I’m not one to question head coach Bruce Cassidy on a regular basis. His winning percentage as the Boston Bruins head coach speaks for itself (.682 in four seasons). Yet when I heard who was dressed for Game 3, I couldn’t help but question what was running through our beloved coach’s mind. Here is the lineup that the Bruins used in Game 3 of the Eastern Conference Semifinals:
Sean Kuraly, Anders Bjork, and Connor Clifton were all scratches. Kuraly was deemed as unfit to participate, so it sounds like Kuraly probably would have played if he could. Par Lindholm, John Moore, and Jeremy Lauzon were all inserted into the lineup in their places.
I agree that Bjork absolutely needed someone to call him out for his lackluster play since the NHL restart. We know he has potential, but a few defensive mishaps combined with the inability to find the net led to his benching. I’m not sure, however, that he needed to come out of the lineup. The Bruins are a team desperate for secondary scoring. Yes, Bjork is underperforming, but he might be the Bruins’ best chance to eventually find a bottom-six goal other than from the stick of Charlie Coyle. Maybe it would have been more efficient to publicly call out Bjork for his recent poor play, but leave him in the lineup.

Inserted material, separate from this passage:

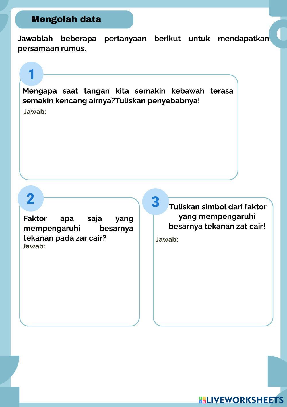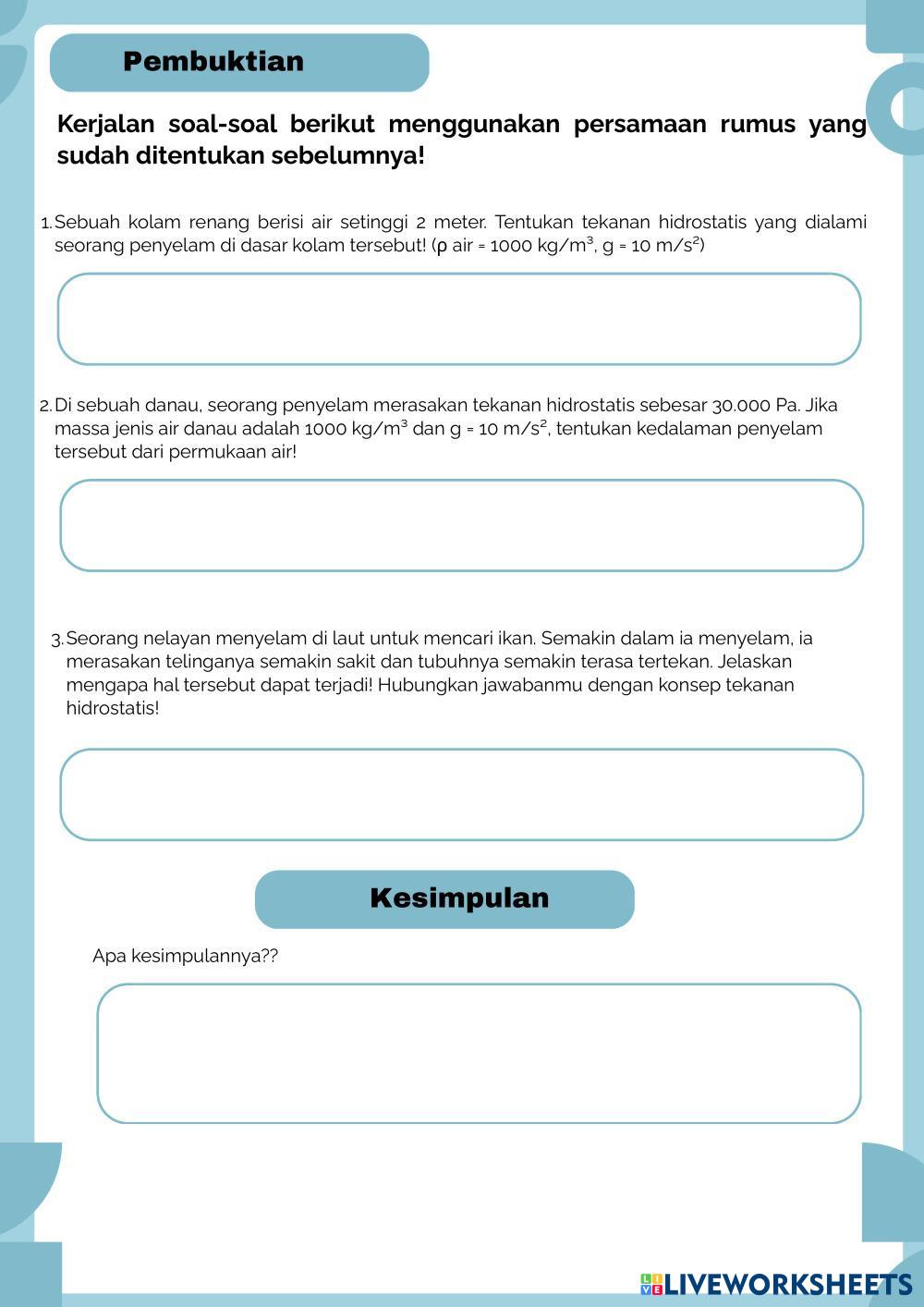 Created byAna Widy Astuti Science High School 12th grade Physics Indonesian Author's Instructions LKPD Tekanan Hidrostatis My Google Classroom Courses × 0 classes selected (0 students total) Quick Access Select all classes (0 classes) All Classes Loading courses... Cancel Share Share to selected Course __COURSE_NAME__ __STUDENT_NAME__ (__STUDENT_EMAIL__) Tekanan Hidrostatis Download Worksheet Validation Check my answers Emails my answers to my teacher Full name Group/level School subject Teacher's email or key code Close Submit Validating worksheet... (12) Your answers have been sent to your teacher. Good luck! OK We encountered an error submitting your answers. Please try again. OK Advertisement | Go Ad Free Created byAna Widy Astuti Science High School 12th grade Physics Indonesian Author's Instructions LKPD Tekanan Hidrostatis Explore Worksheets worksheet physics Science 12th grade worksheet physics Physics - Science worksheet physics worksheet physics Science 12th grade worksheet physics Physics - Science worksheet physics FACUNDO Y CAMILA Science 12th grade FACUNDO Y CAMILA Physics - Science Completar la secuencia correcta, arrastrando las opciones al lugar que corresponde. FUERZAS FUNDAMENTALES Science 12th grade FUERZAS FUNDAMENTALES Physics - Science FUERZAS FUNDAMENTALES

With Kuraly out, Lindholm makes sense as a replacement. Lindholm filled in on the penalty kill, but even that didn’t work out with Tampa scoring on their first three of their power plays of the game. I would’ve been in favor of seeing Nick Ritchie out of the lineup in favor of Jack Studnicka, or keeping Bjork in and scratching Ritchie.
Ritchie continues to be an overall negative for the Bruins, despite his goal in Game 2. I simply don’t believe Ritchie brings consistent effort. His play looks lazy most of the time. His retaliatory slash in the first period of Game 3 was a boneheaded penalty, one that led to a Tampa Bay Lightning power play goal. Ritchie looks disinterested and is probably the slowest player on the ice which is not a good combination.
Sorry, but a third line of Ritchie, Coyle and Chris Wagner is not good enough. Coyle’s talents are being wasted with two wingers that aren’t known for their scoring. Cassidy’s lineup changes did exactly the opposite of what he set out to accomplish: find scoring depth.
When asked about scoring depth, Cassidy had this to say:
“What we’re looking for a little bit tonight in a back-to-back, it’s become a bit of a young-legs playoff, if you look around. We need some of that tonight.”
I don’t see how any of Cassidy’s changes brought in any youth or scoring ability. Any. Ritchie is the farthest thing from young-legs as you can get. Bjork and Studnicka haven’t proven they can score consistently, but they are two of the faster players on the team. I don’t think dressing seven defenseman helped the Bruins scoring problem either.
The Lightning can afford to dress seven defensemen because they can actually score from their bottom-six. The Bruins simply don’t have the luxury of playing one less forward with their inability to score. Seven defenseman was a mistake, especially when Connor Clifton is one of the defensemen to be scratched. Cliffy Hockey deserves better than to be scratched.
If a forward is leaving the lineup in favor of an extra defenseman, one would think the Bruins would leave their most aggressive defenseman, one that can provide scoring, in the seven-man rotation.
Instead, John Moore, who hasn’t played in months, was in the lineup. I don’t see the logic behind playing both Moore and Jeremy Lauzon over Clifton. Yes, sometimes Clifton’s aggressiveness gets the best of him, but he always brings energy. I’m still not sold on lauzon being able to hold off the offensive juggernaut that is Tampa’s set of forwards.
In a game where the Bruins fell behind 3-0 early in the second period, Cassidy severely hindered the Bruins chances of making a comeback. All of his lineup decisions directly contradicted the “young-legs” he was looking for. The Bruins may have been destined to lose Game 3 no matter who was playing, but Cassidy certainly didn’t help the team’s chances with his ill advised personnel decisions.